W3C

– DRAFT –
ARIA-AT Automation Subgroup Meeting

26 June 2023

Attendees

Present
jugglinmike, Matt_King, mmoss
Regrets
-
Chair
Mike
Scribe
Sam_Shaw

Meeting minutes

<Sam_Shaw> Agenda: 1. Update on our 2023-06-14 presentation to the Browser Testing and Tools Working Group 2.Defining the workflow for automated AT response collection in ARIA-AT

We are not meeting next week as its a Holiday. Our next meeting will be July 17th

Update on our 2023-06-14 presentation to the Browser Testing and Tools Working Group

jugglinmike: We presented about the status and future of the AT Driver. Meeting notes can be found here: https://www.w3.org/2023/06/14-webdriver-minutes.html#t06

jugglinmike: I wanted to know if anyone had any lesson learned they could share from developing web driver bi di.

jugglinmike: I asked about the possibility of bringing the AT Driver spec into the proposal, so its more formal and gets on the standard track. David burns was very open to this. That working group is re-chartering in august so this is a good time to do this

jugglinmike: Another member of that group, Sam from Apple, said they liked to see discussion with implementers. I've spoken with Mac from NVDA, and we have it on our to do list to talk to vispero. Lola is going to work on setting up this conversations

jugglinmike: I'm happy to answer any questions on this now or in the future via email

MK: How many people attended?

jugglinmike: I would say 10

MK: Lets talk offline about how much involvement we need from Implementors. This is a time sensitive topic, we should discuss this with Vispero tomorrow

MK: We haven't talked about what level of commitment we want from Vispero

MK: We want to be careful about approaching them from different angles

jugglinmike: It may then be that we want to hold off and let Lola be more intentional about how to reach out to Vispero

Defining the workflow for automated AT response collection in ARIA-AT

jugglinmike: We began discussing this last week at the CG meeting

Here is the design document we have been iterating on: https://docs.google.com/document/d/10681gMmTM2KmVEw_Je-A4nmRvcqIkB6jgtJ8dt_Pp0M/edit

jugglinmike: Right now we are focused on the workflow proposal section

jugglinmike: What it could and should look like to operate the aria AT app in a world where collecting AT Responses is possible

jugglinmike: Where we paused last meeting, was a suggestion from Matt that instead of making this control of the system a capability of test admin, we should instead implement that as an ability of a tester, who could optionally invoke this system to collect responses

MK: The primary reason i was thinking that way was longer term strategy, to simplify things.
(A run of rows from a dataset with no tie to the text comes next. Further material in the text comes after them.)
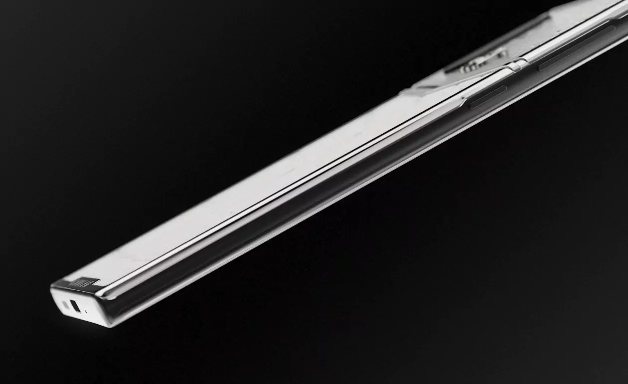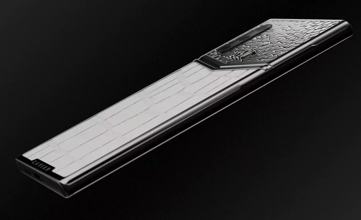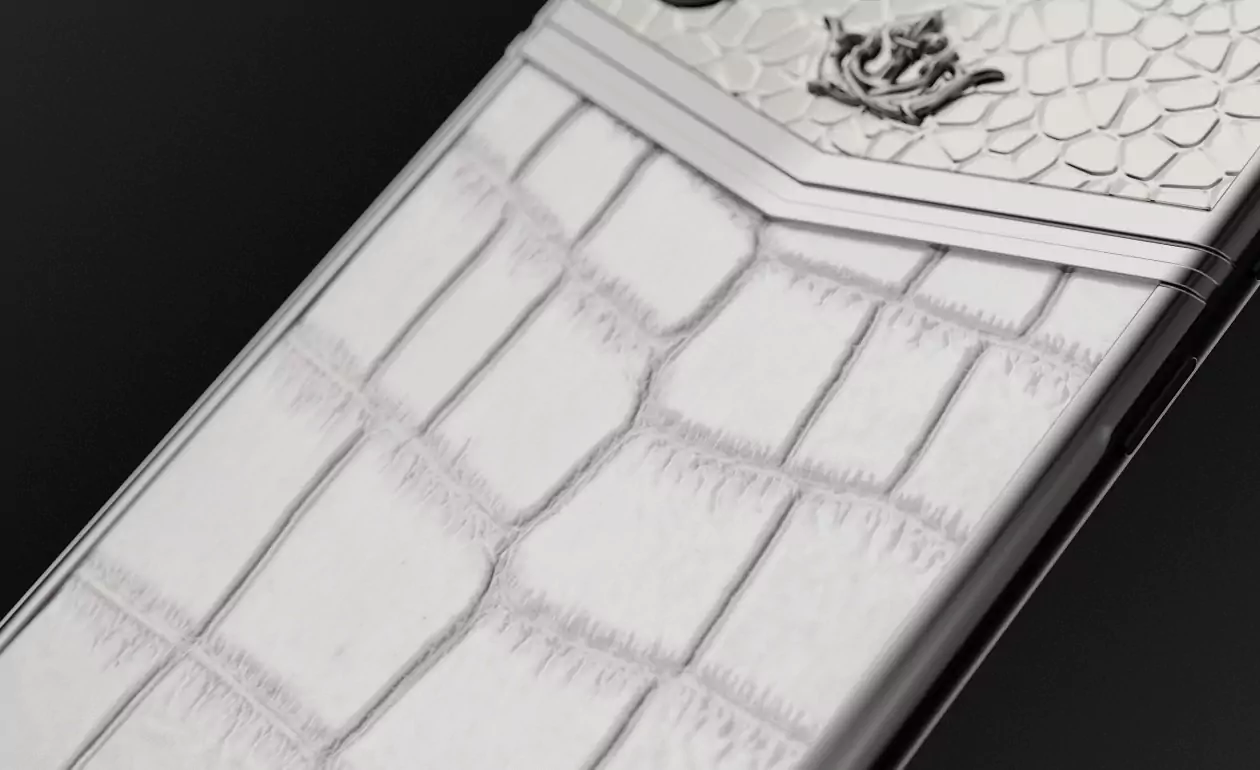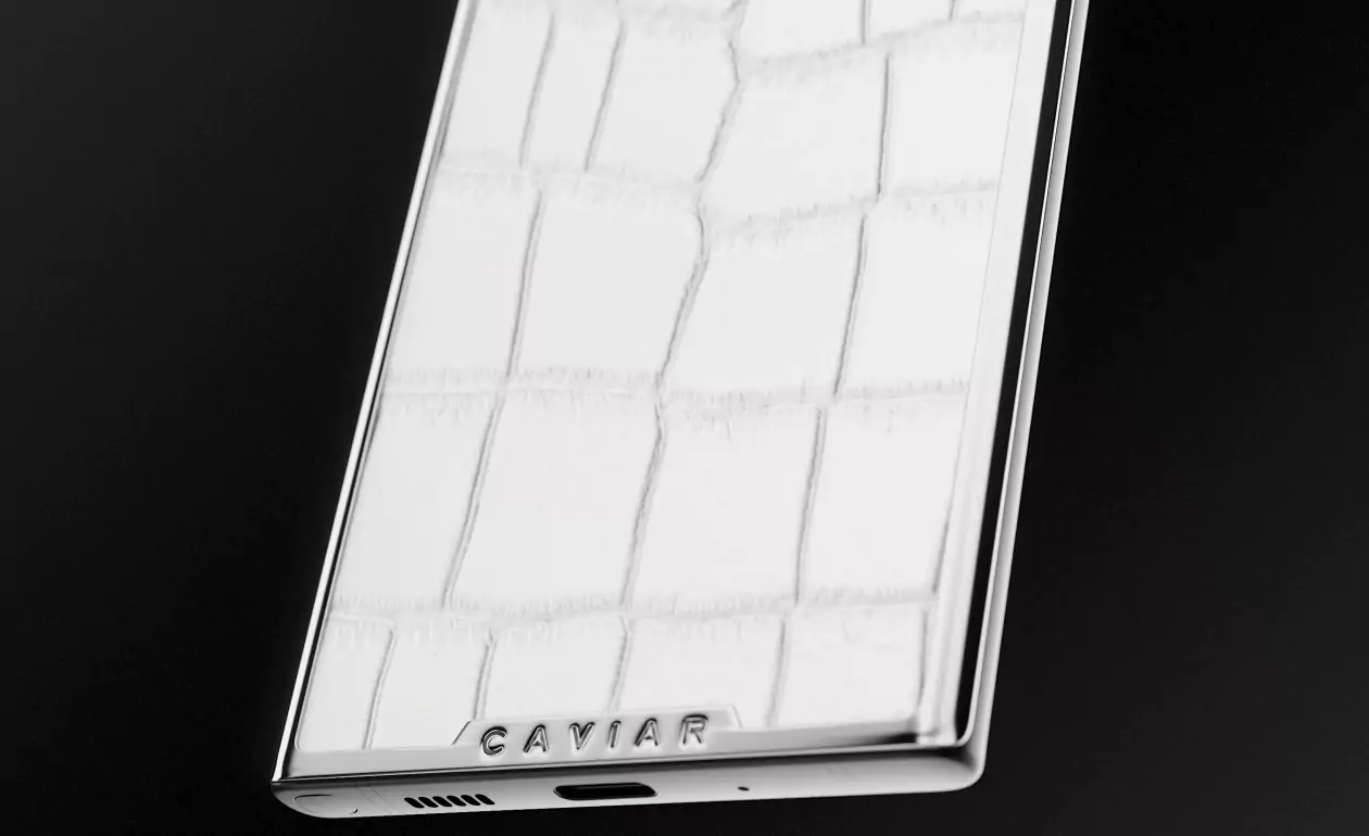 For this model, Caviar designers selected only luxurious materials in the purest white color. Its body, decorated with V-shaped brand silver “tick” is divided by it into two parts. The upper one is made of silver with a handmade relief pattern. The lower one is made of natural white alligator leather of fine embossing.
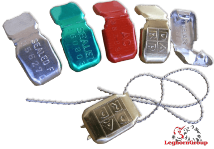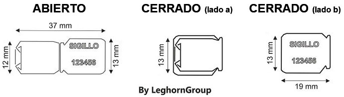 Precinto metálico en aluminio tipo clip de cierre manual. Auto bloqueante. Se puede cerrar con: alambre espiralado, cable acero, hilo nailon, cordel.
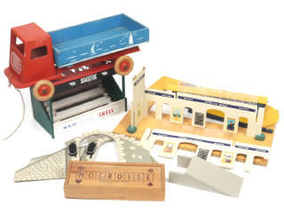 comprend : notamment camion benne basculante en bois (longueur : 38 cm), tribune 'SCALEXTRIC - SHELL', éléments de tunnel avec feux tricolores (fabrication en plastique), éléments de gare (fabrication en isorel - avec éléments manquants) & jeu 'MOTS CROISES' (fabrication en bois) - on y retrouve notamment les marques : SCALEXTRIC & HORNBY
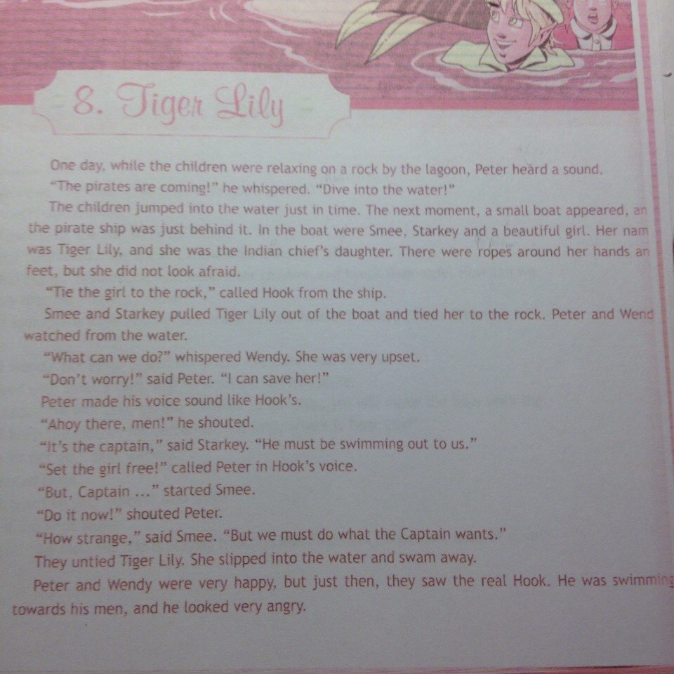 Дети сразу же прыгнули в воду. В следующую секунду появилась маленькая лодка, а за ней пиратский корабль. На лодке были Сми, Старки и красивая девочка. Её звали Тайгер Лили и она была дочерью индейского вождя. Её руки и ноги были связаны веревками, но она не выглядела испуганной.
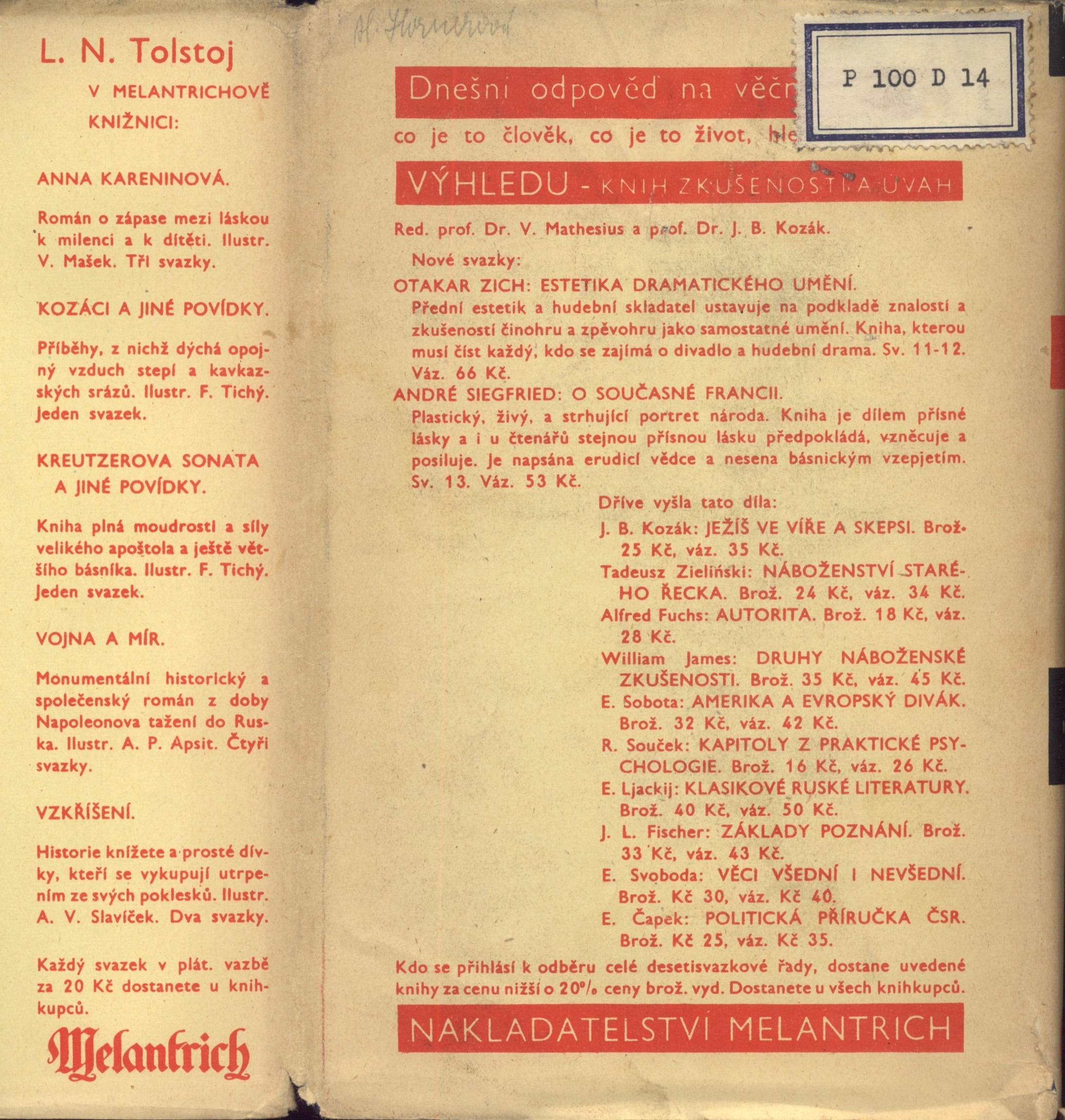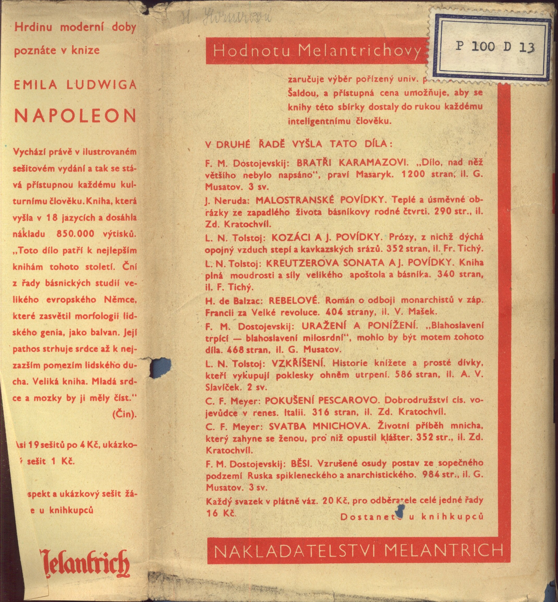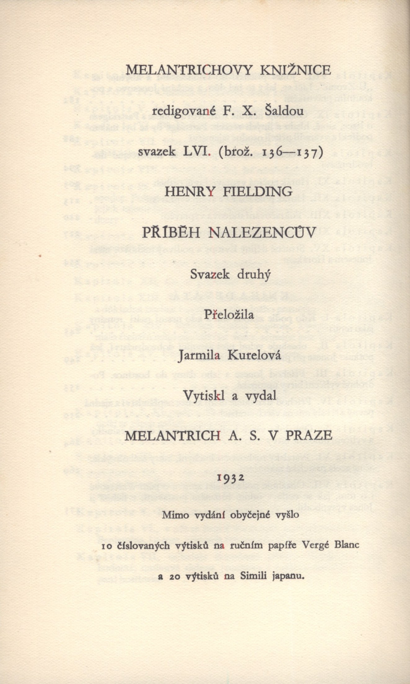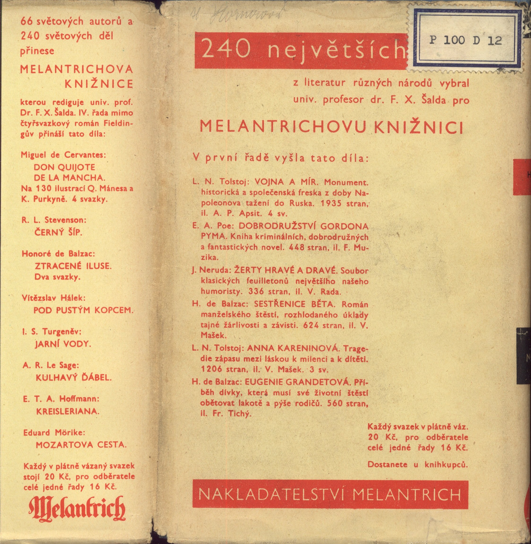 Názvové údaje Příběh nalezencův. 1, 2 / Henry Fielding ; překlad Jarmila Kurelová Osobní jméno Fielding, Henry, 1707-1754 (Autor) Další autoři Kurelová, Jarmila (Překladatel) Nakladatel Praha : Melantrich, 1932 Rozsah 248, 278 s. ; 19 cm Klíčová slova česká literatura Počet ex. 1, z toho volných 1 Druh dok. monografie Signatura Holan 1124 Názvové údaje Příběh nalezencův. 3, 4 / Henry Fielding ; přeložila Jarmila Kurelová ; doslov napsal Vilém Mathesius Osobní jméno Fielding, Henry, 1707-1754 (Autor) Další autoři Kurelová, Jarmila (Překladatel) Mathesius, Vilém, 1882-1945 (Autor úvodu atd.) Nakladatel Praha : Melantrich, 1932 Rozsah 239, 303 s. ; 19 cm Klíčová slova česká literatura Počet ex. 1, z toho volných 1 Druh dok. monografie Signatura Holan 1125 Názvové údaje Příběh nalezencův / Henry Fielding ; [přeložila Jarmila Kurelová]. I. Osobní jméno Fielding, Henry, 1707-1754 (Autor) Další autoři Kurelová, Jarmila (Překladatel) Korp. Melantrich (nakladatelství : 1910-1950) (Nakladatel, vydavatel) (Tiskař) (Tiskař obrazu) Nakladatel Praha : Melantrich a. s., 1932 Výrobce (Melantrich a. s.) Rozsah [6], 248 s. ; 20 cm Klíčová slova anglická literatura * próza * Fielding H. * překlad * román * Anglie * stol. 18. Počet ex. 1, z toho volných 1 Druh dok. monografie Signatura P 100 d 12 Názvové údaje Příběh nalezencův / Henry Fielding ; [přeložila Jarmila Kurelová]. II. Osobní jméno Fielding, Henry, 1707-1754 (Autor) Další autoři Kurelová, Jarmila (Překladatel) Murphy, Arthur, 1727-1805 (Autor úvodu atd.) Korp. Melantrich (nakladatelství : 1910-1950) (Tiskař) (Tiskař obrazu) Nakladatel Praha : Melantrich a. s., 1932 Výrobce (Melantrich a. s.) Rozsah 278 s. ; 20 cm Klíčová slova anglická literatura * próza * Fielding H. * překlad * román * Anglie * stol. 18. Počet ex. 1, z toho volných 1 Druh dok. monografie Signatura P 100 d 13 Názvové údaje Příběh nalezencův / Henry Fielding ; [přeložila Jarmila Kurelová]. III. Osobní jméno Fielding, Henry, 1707-1754 (Autor) Další autoři Kurelová, Jarmila (Překladatel) Korp. Melantrich (nakladatelství : 1910-1950) (Nakladatel, vydavatel) (Tiskař) (Tiskař obrazu) Nakladatel Praha : Melantrich a. s., 1932 Výrobce (Melantrich a. s.) Rozsah 241 s. ; 20 cm Klíčová slova anglická literatura * próza * Fielding H. * překlad * román * Anglie * stol. 18. Počet ex. 1, z toho volných 1 Druh dok. monografie Signatura P 100 d 14 Názvové údaje Příběh nalezencův / Henry Fielding ; [přeložila Jarmila Kurelová ; doslov napsal Vilém Mathesius]. IV. Osobní jméno Fielding, Henry, 1707-1754 (Autor) Další autoři Kurelová, Jarmila (Překladatel) Mathesius, Vilém, 1882-1945 (Autor doslovu, tiráže atd.) Korp. Melantrich (nakladatelství : 1910-1950) (Nakladatel, vydavatel) (Tiskař) (Tiskař obrazu) Nakladatel Praha : Melantrich a. s., 1932 Výrobce (Melantrich a. s.) Rozsah 303 s. ; 20 cm Osobní hesla Fielding, Henry, 1707-1754 - anglický romanopisec, dramatik, esejista a žurnalista Klíčová slova anglická literatura * próza * Fielding H. * překlad * román * Anglie * stol. 18. Počet ex. 1, z toho volných 1 Druh dok. monografie Signatura P 100 d 15 Názvové údaje Příběh nalezencův. [sv.] I. / Henry Fielding ; [přeložila Jarmila Kurelová] Osobní jméno Fielding, Henry, 1707-1754 (Autor) Další autoři Kurelová, Jarmila (Překladatel) Korp. Melantrich (nakladatelství) (Nakladatel, vydavatel) Nakladatel Praha : Melantrich, 1932 Rozsah 248 s. ; 8° Klíčová slova anglická literatura * próza * anglický román Počet ex. 1, z toho volných 1 Druh dok. monografie Signatura MEL 1977/I Názvové údaje Příběh nalezencův. [sv.] II. / Henry Fielding ; [přeložila Jarmila Kurelová] Osobní jméno Fielding, Henry, 1707-1754 (Autor) Další autoři Kurelová, Jarmila (Překladatel) Korp. Melantrich (nakladatelství) (Nakladatel, vydavatel) Nakladatel Praha : Melantrich, 1932 Rozsah 278 s. ; 8° Klíčová slova anglická literatura * próza * anglický román Počet ex. 1, z toho volných 1 Druh dok. monografie Signatura MEL 1977/II Názvové údaje Příběh nalezencův. [sv.] III. / Henry Fielding ; [přeložila Jarmila Kurelová] Osobní jméno Fielding, Henry, 1707-1754 (Autor) Další autoři Kurelová, Jarmila (Překladatel) Korp. Melantrich (nakladatelství) (Nakladatel, vydavatel) Nakladatel Praha : Melantrich, 1932 Rozsah 241 s. ; 8° Klíčová slova anglická literatura * próza * anglický román Počet ex. 1, z toho volných 1 Druh dok. monografie Signatura MEL 1977/III Názvové údaje Příběh nalezencův. [sv.] IV. / Henry Fielding ; [přeložila Jarmila Kurelová] Osobní jméno Fielding, Henry, 1707-1754 (Autor) Další autoři Kurelová, Jarmila (Překladatel) Korp. Melantrich (nakladatelství) (Nakladatel, vydavatel) Nakladatel Praha : Melantrich, 1932 Rozsah 303 s. ; 8° Klíčová slova anglická literatura * próza * anglický román Počet ex. 1, z toho volných 1 Druh dok. monografie Signatura MEL 1977/IV
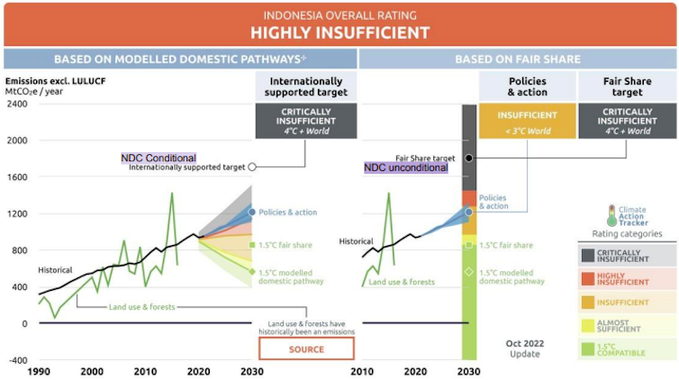 Global research coalition Climate Action Tracker (CAT) categorises Indonesia’s climate goals as “Critically Insufficient”, which means they are far from enough to curb global warming.
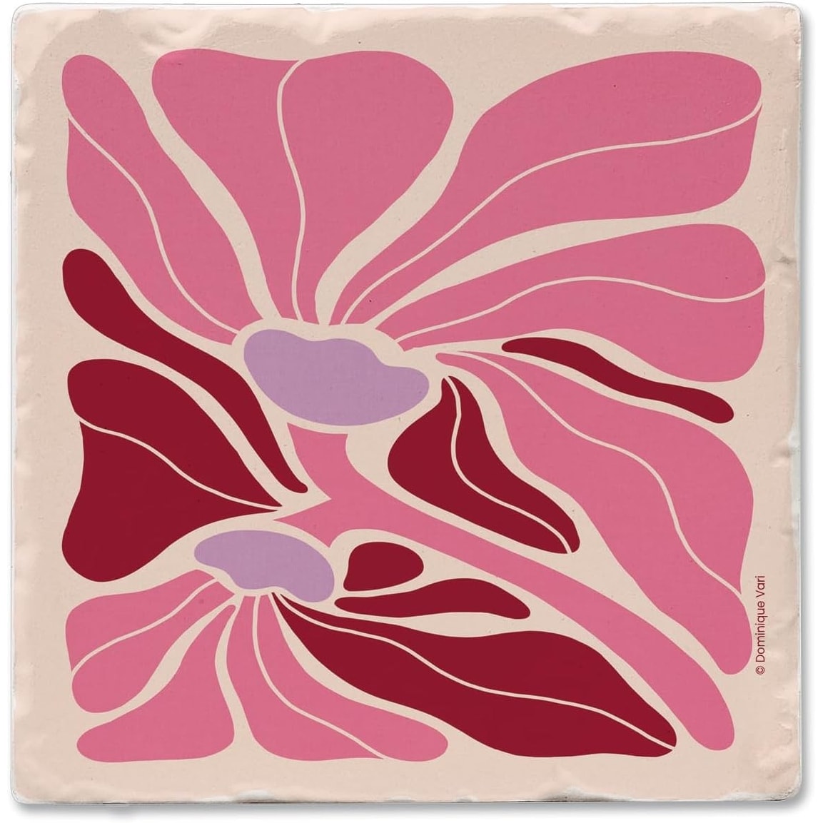 Pink Floral 4 Pack Tumbled Tile Stone Coaster with Protective Cork Backing Made in The USA 4" Square, Colorful, Wipes Clean

I originally introduced the idea that the Bot is like another person, however then we discussed analyzing responses.

MK: It really started feeling like to me that this should be another tool available to anyone, and the job of the tool is too collect responses initially

James Scholes present+

JS: Right now we assign two or more testers to a test plan. They perform the tests and assign verdicts, this has proved to be prudent because not only do we end up with differing verdict assignments, but also end up with differing AT Responses

JS: If AT is collecting these responses, we are eliminating a second persons interpretations. We are just collecting two sets of verdicts

MK: I disagree, I wouldn't want a tester to not run the test themselves.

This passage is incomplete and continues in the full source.